Das Abflauen des Jetstreams wurde deshalb zur Liste der erdklimatischen Kippelemente hinzugefügt, zu denen unter anderen das Auftauen des Permafrost, die Abholzung der Regenwälder und das Absterben von Korallenriffen gehören. Die Folgen beim Umlegen dieser Klimakippschalter durch die globale Erwärmung um nur wenige Grad werden als diskontinuierlich und irreversibel beschrieben und für einen Zeitraum noch vor Erreichen der Jahrhundertwende vorausgesagt. Es sei denn, wir verändern sofort und drastisch unser Verhalten. Denn bei ein bisschen Waldsterben und Überschwemmung wird das Problem nicht enden, hier fängt es erst an, Hungersnöte, kollabierende Wirtschaftssysteme, Flüchtlingsströme und Kriege können die Folge sein. Selbst hochentwickelte Industrienationen stoßen angesichts solcher Katastrophen an ihre Grenzen. Denken Sie zurück an das Elbehochwasser im Spätsommer 2003, wo wochenlang der Zug- und Autobahnverkehr ausfiel, oder an das Schneechaos in Münster im Herbst 2005, als viele Haushalte mitten im Kälteeinbruch tagelang ohne Strom ausharren mussten. Oder die Hitzerekorde der Sommer 2018 und 2019 mit Borkenkäfern und Waldsterben. Und dann überlegen Sie, wie es sein wird, wenn sich solche Vorkommnisse versiebenfachen. Denn das ist die Vorhersage bei gleichbleibendem Treibhausgasausstoß.

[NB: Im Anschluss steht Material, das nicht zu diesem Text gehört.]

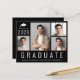 Budget-friendly minimal modern black graduation announcement and party invitation featuring a 4 picture photo collage, "Graduate" written in large white letters and his or her class year, name and school or university in simple white typography. Add the party details on the reverse side.

Fast könnte man meinen, die Erde hätte uns Covid 19 geschickt, um uns auf den richtigen Weg zu schubsen. Ein sehr esoterischer Ansatz, aber wir haben mit weltweiten Lockdowns genau so reagiert, wie es das Weltklima braucht: Eindämmung unnötigen Flugverkehrs, Einstellung der Kreuzschifffahrt, minimaler Autoverkehr, Industrie auf das Lebensnotwendigste beschränkt …

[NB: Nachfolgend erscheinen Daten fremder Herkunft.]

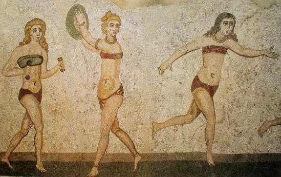 毕竟,最早可以追溯到史前文明,人类的祖先就是如此穿衣的。在古罗马时期的某个别墅内部,甚至就出现了,身着极简单的遮羞服装,参加体育运动的年轻女子图案。因为实在太像如今的三点式泳衣,考古界干脆戏称她们为“比基尼美女”。

Vielleicht können wir ein paar der neuen Gewohnheiten in eine neue Klimanormalität übernehmen. Wenn wir auf die Bremse treten, kann der Jetstream wieder Fahrt aufnehmen und die Großwetterlage für uns ins Lot rücken. Denken Sie bei der nächsten Omegawetterlage drüber nach, denn die kommt bestimmt.